Он добрался до огонька и раскаялся: по постройкам и собаке видать — беднота. Но деваться некуда. Постучал, вызывая хозяина.
Дверь отворила женщина в годах — у такой найдется жалость к солдату; судя по аккуратно подвязанному платку, следит за собой.
— Гостя не примешь, тетушка?
Стоя на пороге освещенной комнаты, она долго и внимательно смотрела на него, молчала; за ее спиной он увидел в постели мальчугана и девочку; головы высунули, смотрят во все глаза.
— Пусти хоть погреться, тетушка!
— Входи, сынок. — Голос звучал ласково и мягко.
— Это внуки твои? — спросил он, войдя.
— Да. А ты женатый?
— Нет. Где твои сын и сноха?
— Сын в армии, у Степы, а сноху, правду тебе скажу, как войско к нам с горы повалило, отправила к отцу в Трбушаны. Красивая она, пускай он ее и блюдет.
Адам разделся, повесил шинель и присел к очагу, разглядывая комнату и обстановку. Чисто, здесь можно и сыром поужинать, если не захочет курицу поймать.
— Голодный я, тетушка. Заплачу сколько скажешь. Завтра на заре полезем на Сувобор. До самой Дрины не остановимся.
— Что бы ты, сынок, хотел на ужин?
— Можно сказать?
— Можно.
— Сперва куриную печенку на углях, пока цыпленок не поджарится. Приспичило, сил нет.
Женщина улыбнулась ласково, сердечно.
— Все тебе сделаю. Сиди и грейся. Вот тебе ракия, — протянула графинчик и быстро вышла.
Он ракию не любил, но сегодня и до ракии дело дойдет. Спросил, как зовут ребят и что им отец пишет. Они молчали. И как-то очень хорошо ему было возле разгоревшегося огня, в чистой комнате. Словно бы на домашнем празднике у бедного кума, счастливого тем, что у него в доме внук Ачима. О том и сказал хозяйке, когда она возвратилась с зарезанным петухом. Та улыбнулась — он обратил внимание на ее красивые зубы. А губы — точно соку виноградного напились. Должно быть, яростная была в молодые годы. Руки полные, чистые, как раз такие, что ему по вкусу. И юбка чистая, все на ней чистое. Жаль, что чуть не моложе. Хотя б на годик какой. Пошло бы все ходуном сегодня. Ошпарив петуха, она принялась расспрашивать Адама, внимательно слушая его ответы и еще более внимательно за ним наблюдая. Адам прихлебывал какую-то очень приятную, словно подслащенную ракию, рассказывал ей о Прерове и тоже смотрел на нее, наслаждаясь споростью ее рук, ловкостью движений и свежестью белого, хорошо сохранившегося лица. Не доводилось ему видеть женщину в годах с таким молодым лицом, красивыми зубами, алым ртом. В горах девушек рано выдают замуж, подумалось, когда она наклонилась жарить на углях печенку. А между тем, только он кончал рассказывать об одном, она интересовалась другим.
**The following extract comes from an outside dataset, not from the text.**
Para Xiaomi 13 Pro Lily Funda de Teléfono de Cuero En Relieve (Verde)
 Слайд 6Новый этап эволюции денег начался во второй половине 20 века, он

Он съел печенку, слаще которой на всем веку своем не едал, вспомнил, что Перка, первая его женщина, та, что научила его мужским делам, была не моложе этой Радники. Только Радника красотою что королева Драга в сравнении с Перкой. От самой Мачвы не довелось ему бабе за пазуху глянуть. После той снохи кузнеца, возле мехов, на скорую руку. Да разве что эта погоня за неведомой Косанкой в толпе беженцев у Мионицы. Два дня он в селе, а желания никакого нету.
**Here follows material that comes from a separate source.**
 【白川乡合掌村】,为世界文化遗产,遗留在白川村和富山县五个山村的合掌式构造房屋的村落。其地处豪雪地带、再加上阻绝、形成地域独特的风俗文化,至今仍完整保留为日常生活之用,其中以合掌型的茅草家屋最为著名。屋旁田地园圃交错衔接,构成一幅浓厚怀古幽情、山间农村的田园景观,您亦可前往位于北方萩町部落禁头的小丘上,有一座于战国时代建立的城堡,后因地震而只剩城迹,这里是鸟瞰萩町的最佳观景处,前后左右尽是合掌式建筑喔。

Радника поставила петуха на жар, присела на скамеечке, ворошила угли, ласковым взором смотрела снизу на него, не пьяного, но уже хмельного. И он принялся подробно рассказывать ей о Драгане, душою отдался печали. Женщина слушала внимательно и все более ласково на него глядела. И Драгиня, вспоминал он, вдовушка, что попалась ему в начале войны с турками, не моложе этой Радники была, только зубы не такие белые, не девичьи, у нее были. А губы как у Наталии. Он покосился на кровать: когда же внуки уснут?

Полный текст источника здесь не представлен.